Records contained in a dataset

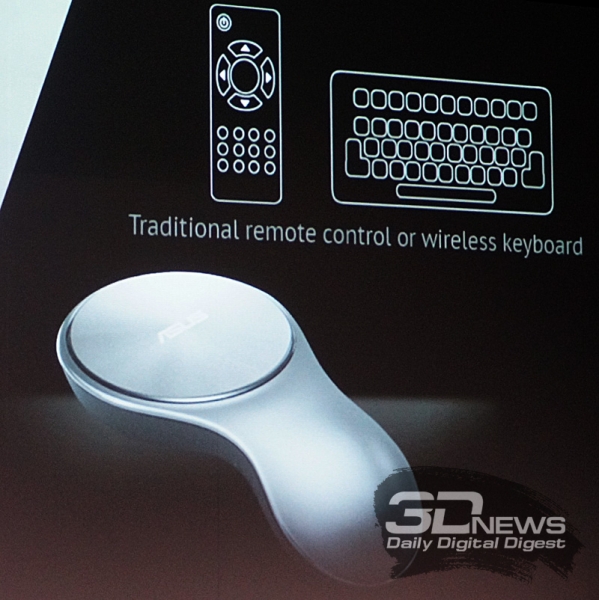 Для управления данным HTPC ASUS предлагает отказаться от привычных клавиатуры и мышки, а воспользоваться еще одной новинкой — VivoMouse. Производитель ее называет первым в мире гибридным манипулятором, вобравшим в себя функции как мыши, так и тачпада. Тут можно вспомнить Apple MagicMouse, хотя устройство ASUS выглядит куда футуристичнее. Тачпад новинки поддерживает жесты операционной системы Windows 8, что должно облегчить процесс управления компьютером сидя на диване.
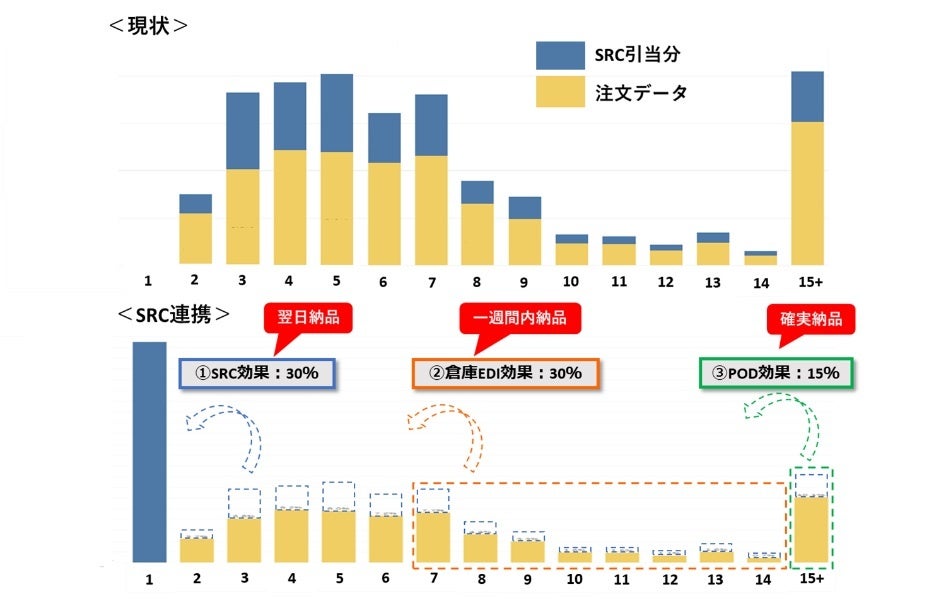 現在両社で、赤羽SRC未利用の書店店舗の注文データを共有・分析し、赤羽SRCの時系列在庫データに引き当てて試算したところ、注文から書店納品までのリードタイムの改善やPOD製造での商品供給で課題解決に繋がる以下の効果が見られ、データを共有した対象書店からも評価を得られました。
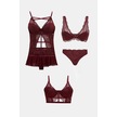 Roma Bordo 4'lü Dantelli Sütyen, Babydoll, Külot Çeyiz Seti Bordo
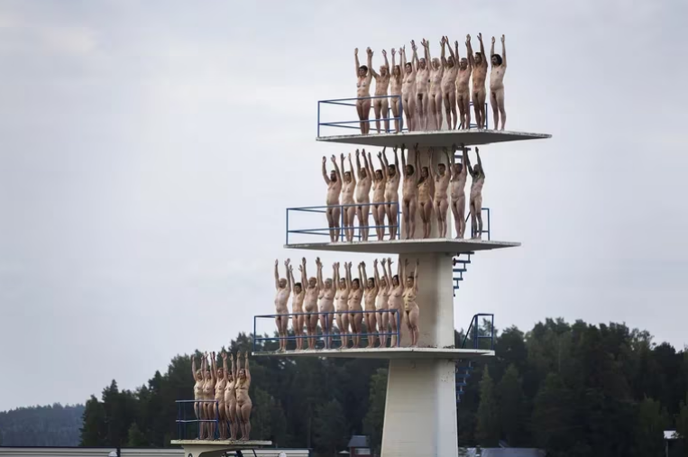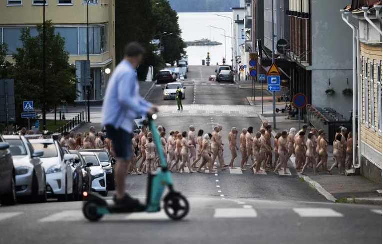 “Hoy, la tierra de los mil lagos, se convirtió en el país de los mil desnudos”, dijo a la Tunick, mientras que los voluntarios eran guiados por altavoz. Los participantes posaron primero en la calle, alrededor de instalaciones florecidas, luego en la playa y finalmente en el agua.
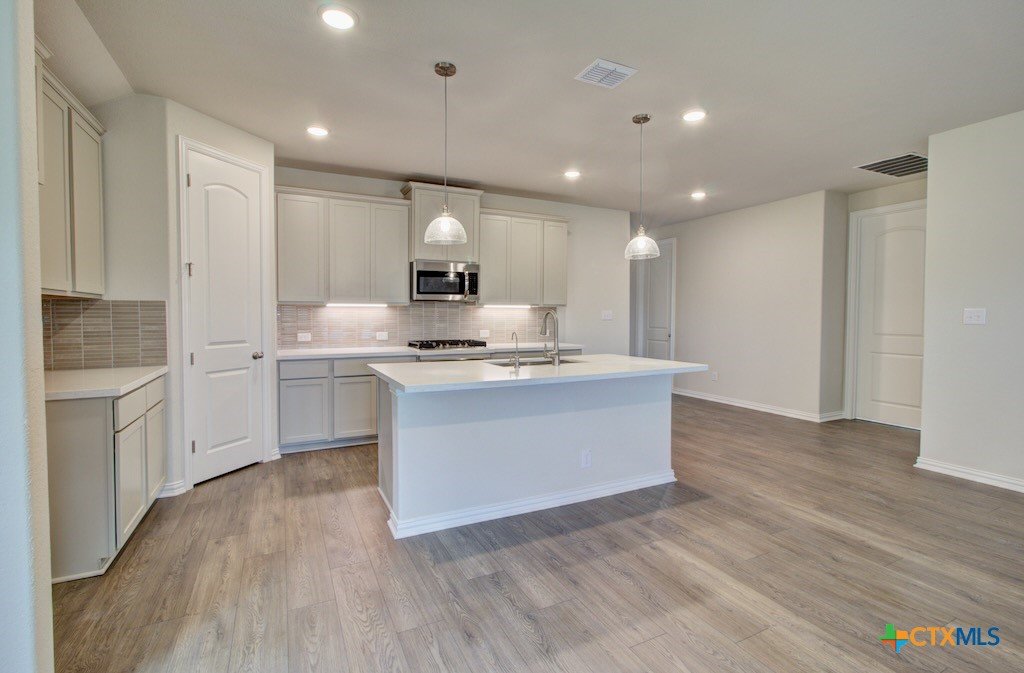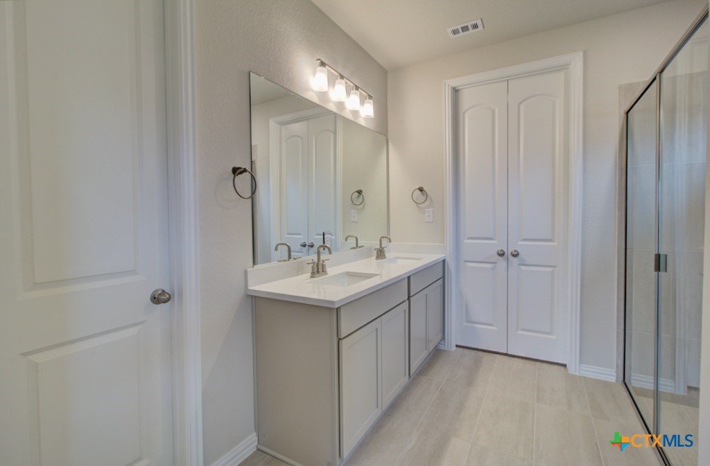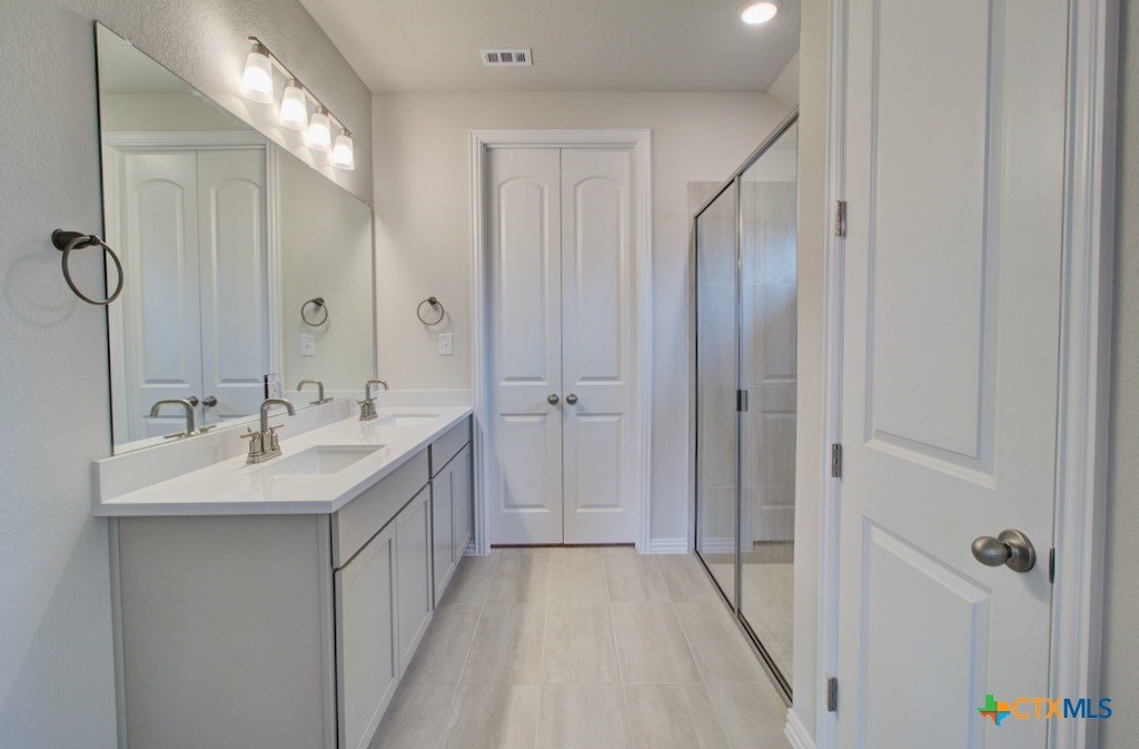 This home displays lovely curb appeal as a single story home consisting of three sided brick, stone on front elevation, and wood shutters on the exterior. Other exterior qualities include the 2 car garage, 1 coach light near the garage, an extended covered patio, and a privacy fence with one gate. The Kitchen opens to Great Room and features a center island with stainless steel undermount sink, 42" Hazelnut countertops, Omega stone countertops, mercury mosaic tile backsplash, and additional buffet/cabinets for additional storage and counterspace. Owner's suite features an enlarged closet, dual vanity, ceramic tile surround shower in the shade Creek Gray arranged in a straight lay rectangular pattern. The nearby Lake Dunlap is a peaceful retreat for fishing and other water activities. Nature enthusiasts will appreciate the proximity to Canyon Lake, where scenic views and outdoor adventures await. Downtown New Braunfels boasts exciting entertainment, boutique shopping, local dining, and events. The Gruene Historic District is a hub for live music, events, and the famous Gruene Hall. Come experience the beauty and convenience of Clear Creek in New Braunfels.
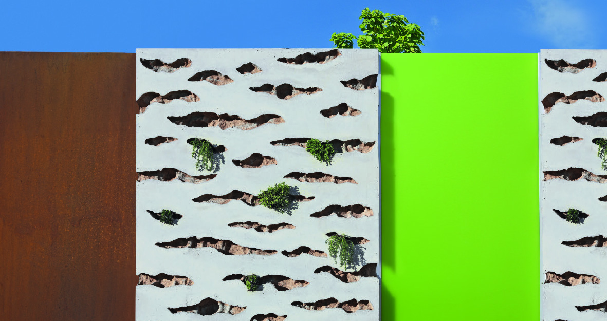 Die Acrylglas-Elemente sind in den Farben Flamingo-Pink, Tundra-Grün oder Atlantik- Blau verfügbar. Alternativ ergänzen Cortenstahl- Elemente in einem erdigen, ruhigen Braunton die kühl-grauen Betonelemente und präsentieren sich dem Betrachter mit einem attraktiven Kalt-Warm-Kontrast.

▸ What needs to be done
Copy exactly what appears in the entries, beginning with the first line and ending with the line that has "en el agua.", but not the pictures.

▸ The completed task
 Для управления данным HTPC ASUS предлагает отказаться от привычных клавиатуры и мышки, а воспользоваться еще одной новинкой — VivoMouse. Производитель ее называет первым в мире гибридным манипулятором, вобравшим в себя функции как мыши, так и тачпада. Тут можно вспомнить Apple MagicMouse, хотя устройство ASUS выглядит куда футуристичнее. Тачпад новинки поддерживает жесты операционной системы Windows 8, что должно облегчить процесс управления компьютером сидя на диване.
 現在両社で、赤羽SRC未利用の書店店舗の注文データを共有・分析し、赤羽SRCの時系列在庫データに引き当てて試算したところ、注文から書店納品までのリードタイムの改善やPOD製造での商品供給で課題解決に繋がる以下の効果が見られ、データを共有した対象書店からも評価を得られました。
 Roma Bordo 4'lü Dantelli Sütyen, Babydoll, Külot Çeyiz Seti Bordo
 “Hoy, la tierra de los mil lagos, se convirtió en el país de los mil desnudos”, dijo a la Tunick, mientras que los voluntarios eran guiados por altavoz. Los participantes posaron primero en la calle, alrededor de instalaciones florecidas, luego en la playa y finalmente en el agua.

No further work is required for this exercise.